For Lee the virtue of this work lies in the way it reverses the conventional flow of action, from viewer to artwork, such that the “cinematic” flickering of these paintings induce involuntary responses that are “visited upon body.” Rather than “see” these paintings in any meaningful sense, they make us “feel” a certain way (“woozy” etc.), like it or not. And indeed, meaningful sense, as opposed to the empty “sense” of simple affect, is precisely what is at stake in this reversal. For as our capacity to see even the most elemental aspects of these paintings gives way to “experience”—to the point that, as Lee remarks, we no longer even engage them as works of abstraction—so too does our capacity to interpret or draw meaning. We do not, after all, interpret a blinding headache or look for meaning in nausea; we suffer through these experiences, waiting for the feeling to pass.4
Such privileging of an artwork’s purportedly direct action on the body’s autonomic system has, to put it mildly, acquired a certain prestige of late within art history and cinema studies, largely under the influence of the philosopher Giles Deleuze. Indeed, for Deleuze the visceral impact of what he calls a new (third) epoch of cinema—epitomized by the “flicker” films of Tony Conrad, Paul Sharits, John Cavanaugh, et al.—stems directly from its “flickering” “cinematic effects.” As Deleuze argues, this new type of filmic experience represents a “cinema of expansion without camera, and also without screen or film stock…a virtual film which now only goes on in the head, ‘behind the pupils.’”5 Again, such films are important for Deleuze not because of how we actually view or draw meaning from them, but because of the ways in which they act upon us, hijacking our interpretive agency.6 As a result, the material aspects of such cinema (camera, screen, film stock, and so on) are only a means to end, such that the actual film that we see is subsumed into to the virtual film that we experience “behind the pupils.” More intense than Op art’s “cinematic” flickering, it is ultimately no different in kind. As Branden Joseph recounts the early screenings of Conrad’s 1966 film The Flicker, audience response typically ranged from: “disorientation, temporary hypnosis, and intense experiences of colors, patterns, and even hallucinogenic imagery…to headaches and violent bouts of nausea, all seemingly supplied by the light’s pulsating interaction with the brain’s alpha waves.”7
It is important then that the “cinematic effect” of movement that both Gough and I claim for Léger’s abstraction not be taken as standing against painting—not be taken, that is, as literally cinematic. For if, as Léger writes, “painting must be all radiance and motion,” the motion that concerns him has nothing to do with the “self-movement” or “automatic movement” that Deleuze views as distinct to cinema, whereby “movement [becomes] the immediate given of the image.” Which is not to say that Deleuze believes painting incapable of triggering the kinds of affect he claims for film. The painter Francis Bacon, for instance, creates what the philosopher describes as “not exactly movement, although his painting makes movement very intense and violent,” but rather “a movement ‘in-place,’ a spasm which reveals…the action of invisible forces on the body.”8 And once this type of movement occurs—be it the “automatic movement” of film or the “movement in-place” of painting—then “the essence of the image is realized: producing a shock to thought, communicating vibrations to the cortex, touching the nervous and cerebral systems directly.”9
More than simply a representation of “the action of invisible forces on the body,” painting, for Deleuze and his sometime collaborator Félix Guattari, operates as a kind of machine that—again, like it or not—acts directly upon the viewer.
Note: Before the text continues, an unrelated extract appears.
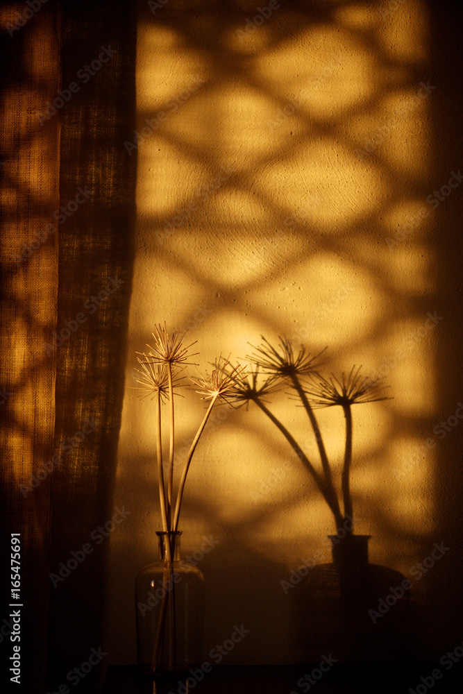 Bottle with dry stalks of plants on the background of the wall with the shadow of the window with a lattice

To greater and lesser degrees, then, all paintings are understood to produce automatic affective responses upon their encounter. But according to Deleuze and Guattari, it is Léger and Francis Picabia who explicitly take up and thematize this automatism in their so-called “machine aesthetic” work: “The machinic painters stressed the following: they did not paint machines as substitutes for still lifes or nudes; the machine is not a represented object any more than its drawing is a representation.”10 Producing paintings as machines—rather than paintings of machines—Léger and Picabia operate on the level of pure mechanical abstraction, such that the machine period work of these painters is entirely continuous with the automated flow of intensive states already present in their preceding non-representational work. “The machine stands apart from representation…and it stands apart because it is pure Abstraction: it is nonfigurative and nonprojective. Léger demonstrated convincingly that the machine did not represent anything, itself least of all, because it was in itself the production of organized intensive states…. It sometimes happens, as in Picabia that the discovery of the abstract leads to the machinic elements.”11 Ultimately, however, it is not just painting that operates as a form of machine for Deleuze and Guattari, but the viewer’s response mechanisms: “The machine is the affective state, and it is false to say that modern machines possess a perceptive capacity or a memory; machines themselves possess only affective states.”12
Further exacerbating my concern that the “cinematic” movement Gough and I see in Léger’s Contrasts of Forms could be misconstrued as a kind of machine-like “neuro-abstraction,” is the only substantial point on which Gough and I differ. And this difference is important, in my view, if we are to get the measure of Léger’s film. For unlike Gough, I do not think that Léger’s “cinematic effect” in the Contrasts of Form series “confounds” his claims to medium specificity.13 Far from producing a hybridized form between new and traditional media—between film and painting—these works, in my view, affirm the root qualities of the tableau at every turn, especially in the quality of their movement. Léger, in my view, should be taken at his word when he writes: “Each art is isolating itself and limiting itself to its own domain … it is logical that by limiting each discipline to its own purpose, it enables achievements to be intensified.”14 This insistence, mine and Léger’s, on the specific pictorial quality of his paintings, holds true despite the fact—indeed, all the more so because of the fact—that a certain cinematic effect is embedded directly on their surface. Far from contravening qualities proper to the tableau, the cinematic effects that are woven into the visual fabric of these paintings heighten that specificity, ratcheting up the intensity of their surfaces. The means by which Léger achieves this intensity, as he writes in a letter to Léonce Rosenberg, is “contrast”: “I mean to outshine tasteful arrangements, grey shadows, and dead backgrounds. I go for the maximum pictorial output through the contrast of all available plastic resources. Never mind good manners, taste, and ordinary style. For me painting must be all radiance and motion….”15
Again, the problem—or potential problem—is in how we understand “intensity.” Understood in Léger’s terms, intensity remains firmly on the side of painting as that which overcomes or defeats—“dominates” will be his word—what he refers to as “the dead surface.” A central concept and recurrent throughout his writing, “the dead surface” stands for far more than just lifeless painting (although it is certainly that also). Rather, “the dead surface,” opens onto a broad field of visual forms that permeate the warp and woof of modernity at large—a visual tonality that is not just dead but deadening: a hollow, generic and increasingly prevalent visual array that panders to its viewer, presenting us, for all of its supposed optical immersion and emotional force, with a mere facsimile of life. “The dead surface,” for Léger, is visual intensity rendered inauthentically. Various other names and phrases crop up in his writings for this mode of shallow visuality: “sentimentalism,” “good taste,” “habit” “theatricality” and above all—and particularly in relation to new visual forms emerging within twentieth-century modernity—“spectacle.”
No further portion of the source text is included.